**YOUR OBJECTIVE**
Your task is to transcribe the lines from the start of the data below through the line containing "Ребята познакомились с", inclusive, exactly as they stand and without the pictures.

**STORED DATA**
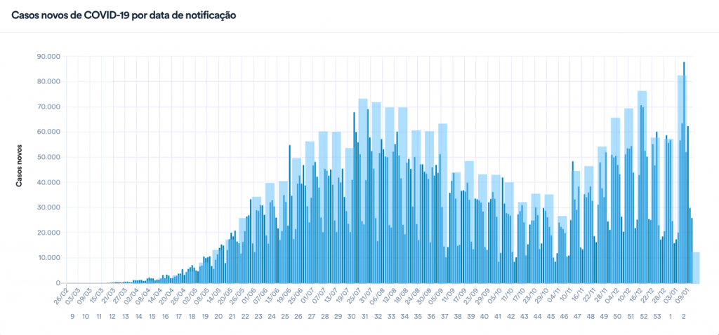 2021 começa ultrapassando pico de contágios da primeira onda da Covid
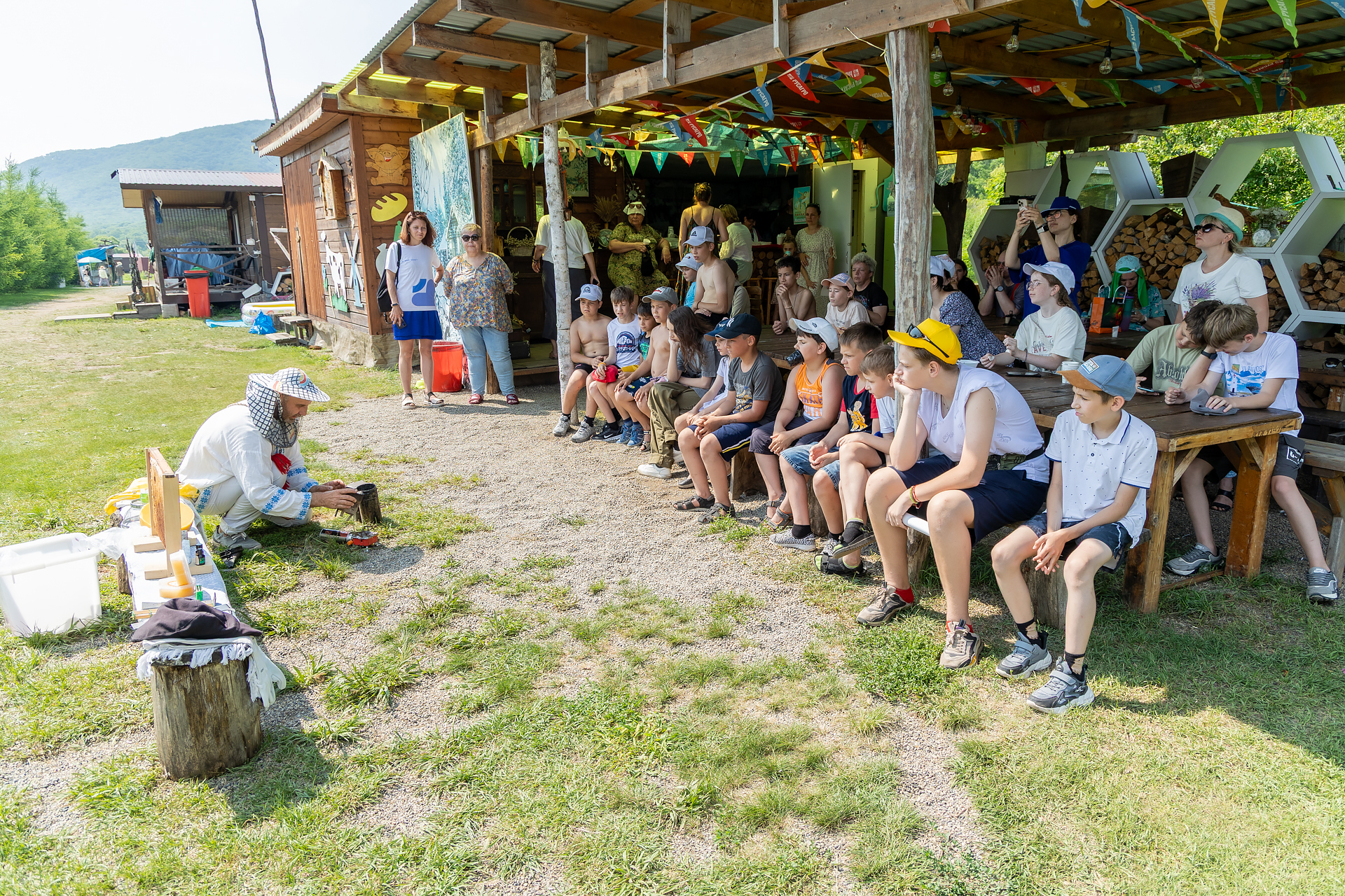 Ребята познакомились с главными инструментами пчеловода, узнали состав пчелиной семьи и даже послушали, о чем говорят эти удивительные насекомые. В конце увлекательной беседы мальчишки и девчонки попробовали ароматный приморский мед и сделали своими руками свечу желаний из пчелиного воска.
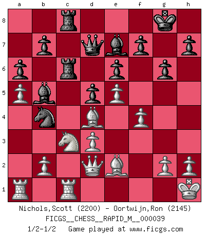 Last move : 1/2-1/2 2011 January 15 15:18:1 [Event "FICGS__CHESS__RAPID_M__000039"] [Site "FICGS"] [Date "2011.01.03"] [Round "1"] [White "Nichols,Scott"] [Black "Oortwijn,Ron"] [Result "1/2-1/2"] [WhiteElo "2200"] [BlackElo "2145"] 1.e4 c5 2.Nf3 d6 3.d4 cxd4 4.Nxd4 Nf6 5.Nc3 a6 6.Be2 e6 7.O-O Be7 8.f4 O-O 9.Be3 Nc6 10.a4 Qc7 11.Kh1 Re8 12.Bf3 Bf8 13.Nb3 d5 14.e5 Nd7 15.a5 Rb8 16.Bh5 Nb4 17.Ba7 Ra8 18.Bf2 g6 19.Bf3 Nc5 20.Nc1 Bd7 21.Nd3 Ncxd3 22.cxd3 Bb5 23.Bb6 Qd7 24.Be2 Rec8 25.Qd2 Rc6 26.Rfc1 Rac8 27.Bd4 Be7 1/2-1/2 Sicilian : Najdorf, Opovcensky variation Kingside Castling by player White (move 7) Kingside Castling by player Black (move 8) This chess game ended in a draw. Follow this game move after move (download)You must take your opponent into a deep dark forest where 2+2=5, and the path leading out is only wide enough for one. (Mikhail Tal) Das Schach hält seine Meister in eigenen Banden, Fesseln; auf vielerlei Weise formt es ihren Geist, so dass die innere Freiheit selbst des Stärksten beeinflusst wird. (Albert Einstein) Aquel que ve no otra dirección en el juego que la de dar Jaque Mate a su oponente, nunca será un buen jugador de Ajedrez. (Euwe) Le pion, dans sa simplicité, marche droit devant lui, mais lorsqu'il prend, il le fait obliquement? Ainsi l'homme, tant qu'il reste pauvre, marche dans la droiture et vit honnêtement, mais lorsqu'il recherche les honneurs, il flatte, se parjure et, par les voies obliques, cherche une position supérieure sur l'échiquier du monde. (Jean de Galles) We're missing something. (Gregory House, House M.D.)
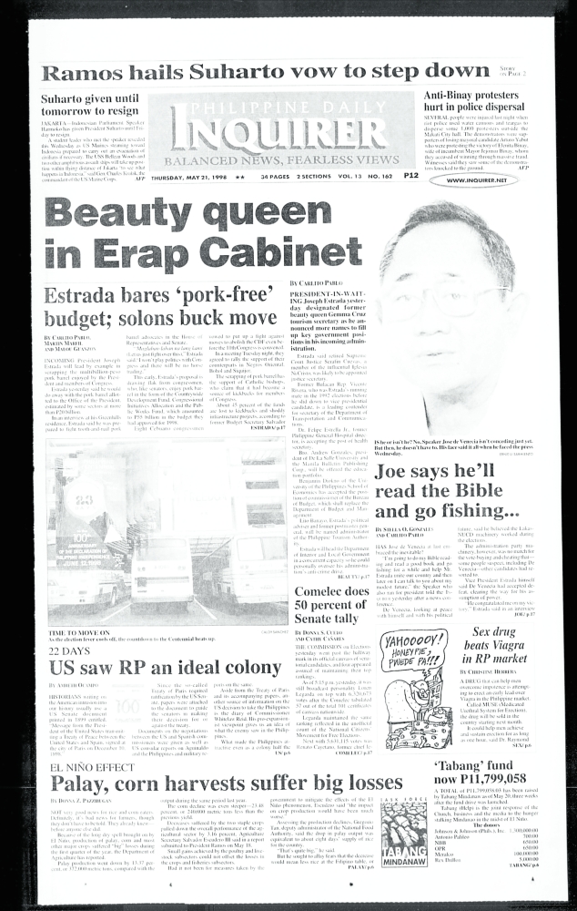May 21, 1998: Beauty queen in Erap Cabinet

**PROBLEM SOLUTION**
 2021 começa ultrapassando pico de contágios da primeira onda da Covid
 Ребята познакомились с главными инструментами пчеловода, узнали состав пчелиной семьи и даже послушали, о чем говорят эти удивительные насекомые. В конце увлекательной беседы мальчишки и девчонки попробовали ароматный приморский мед и сделали своими руками свечу желаний из пчелиного воска.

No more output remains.